Mazatec people

The Mazatec are an American Indian people in Mexico. The mazatekisch speaking population of Mexico was one of 168 374 persons ( Census in the 1990s ).

Settlement areas

The main settlement area is the north of the state of Oaxaca in southern Mexico and covers an area of ​​approximately 2,400 km ². The Mazatec are ethnically related to the Mixtecs and the Otomi.

Name ( ethnonym )

The Mazatec call themselves ha Shuta Enima, "modest and articulate-speaking people." The Mazatec are a poor people, and they see themselves as such. The name is derived from the Mazateca located in the same province city Mazatlan, which was named by the nahuatlsprachigen auxiliary troops of the Spanish conquerors so. The name means "place of the deer " ( Mazatl "Deer" and locative - tlan ) in Nahuatl.

Natural drugs

The Mazatec were in the Western industrialized countries ( Psilocybe mexicana, Salvia divinorum ) by the traditional use of psychoactive fungi and plants known to be used by the shaman to spiritual acts.
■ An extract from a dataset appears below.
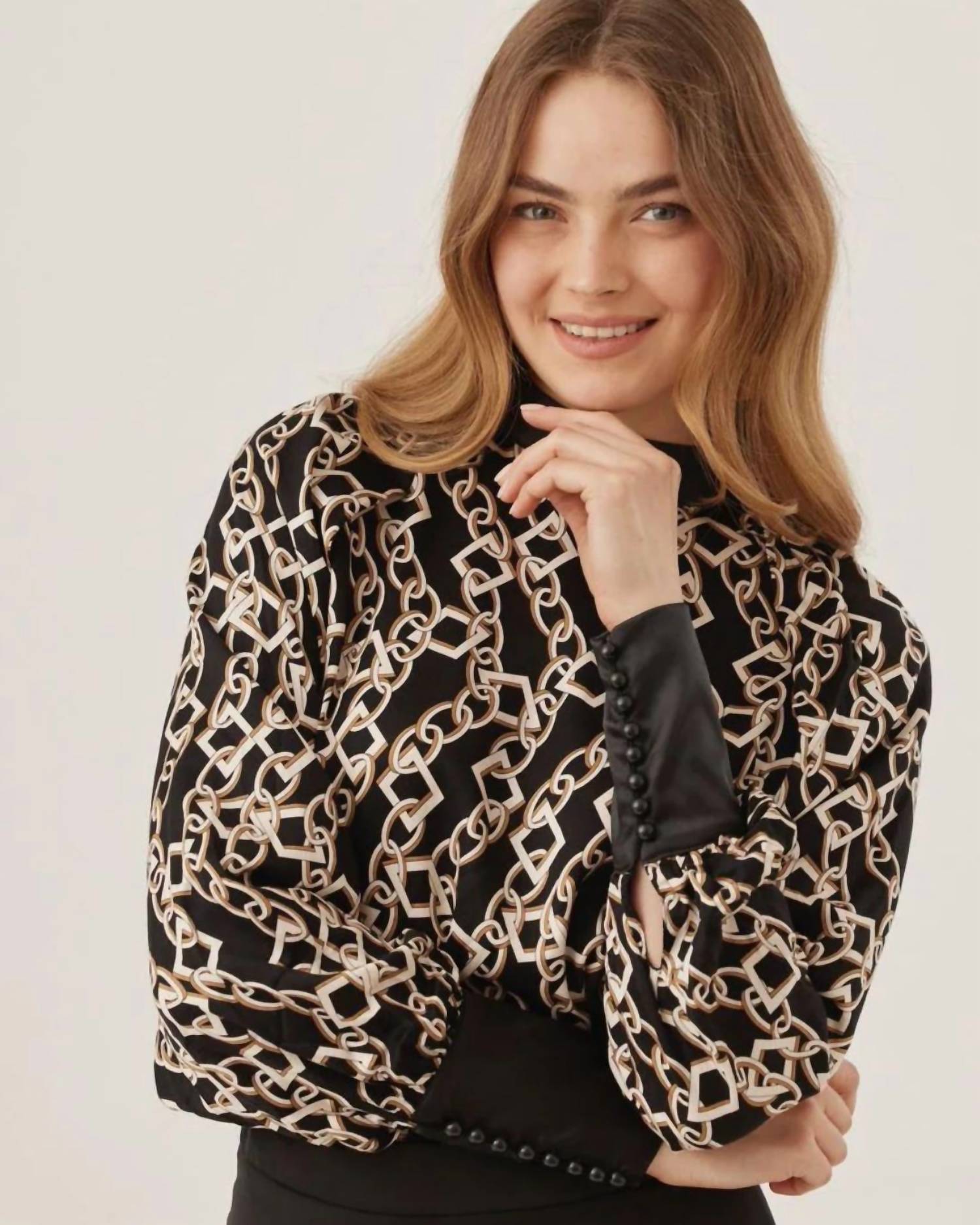 Elevate your wardrobe with the Long Sleeve Dressy Top by Beat, designed for both style and comfort. This women's top features long sleeves and a chic mockneck, making it perfect for any occasion from office wear to a night out. The patterned design in classic black complements its versatile appeal. Care instructions recommend dry cleaning to maintain the high quality materials used in this fashionable piece.

The first reports on which were spread by the Ethnomykologen - R. Gordon Wasson couple and Valentina Pavlovna Wasson and led in the 1960s to a lively drug tourism to Mexico.

Religion

The religion of the Mazatec is a synthesis of traditional beliefs and Christianity, which was introduced by the Spanish conquistadors. This explains the case to the people of the Mazatec common for Salvia divinorum Ska María Pastora name, where " María " the Christian Virgin Mary is meant.